Major adjustments are occurring in global technology and policy spheres. US House Foreign Affairs Committee Chairman Mast proposed the Artificial Intelligence Regulation Act, requiring notification to Congress when selling processors with performance equal to or higher than Nvidia’s H200 to hostile countries. Meanwhile, Trump signed a space directive confirming that astronauts will return to the Moon before 2028, and a lunar outpost will be established by 2030, temporarily shelving Mars missions—signaling an escalation in the US-China space race.
ByteDance, TikTok’s parent company, is expected to reach a record high profit of $50 billion in 2025, surpassing the $40 billion accumulated in the first three quarters of this year. If achieved, its profit will be close to Meta’s projected $60 billion this year. ByteDance has signed binding agreements to spin off TikTok’s US operations and establish a joint venture controlled by US investors such as Oracle.
European stock markets rose across the board, with the UK FTSE 100 up 0.61%, Germany’s DAX 30 up 0.37%, and France’s CAC 40 up a slight 0.01%. China’s Golden Dragon Index rebounded by 0.86%.

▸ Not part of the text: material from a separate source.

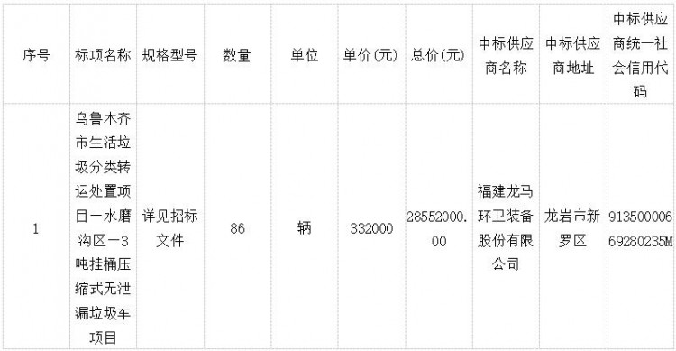 二、项目名称: 乌鲁木齐市生活垃圾分类转运处置项目—水磨沟区—3吨挂桶压缩式无泄漏垃圾车项目

The core logic of the market this week is shifting: Japan’s central bank raising rates, the US Federal Reserve pausing rate cuts, and the global liquidity environment transitioning from easing to neutral. This will pose new challenges for risk assets that have long relied on loose monetary conditions. The investment value of gold measured in grams per unit becomes more prominent in this context—its record highs are not accidental, as gold remains a traditional hedge against inflation and risk. Investors need to reconsider asset allocation strategies amid policy shifts, rate adjustments, and subdued consumer confidence.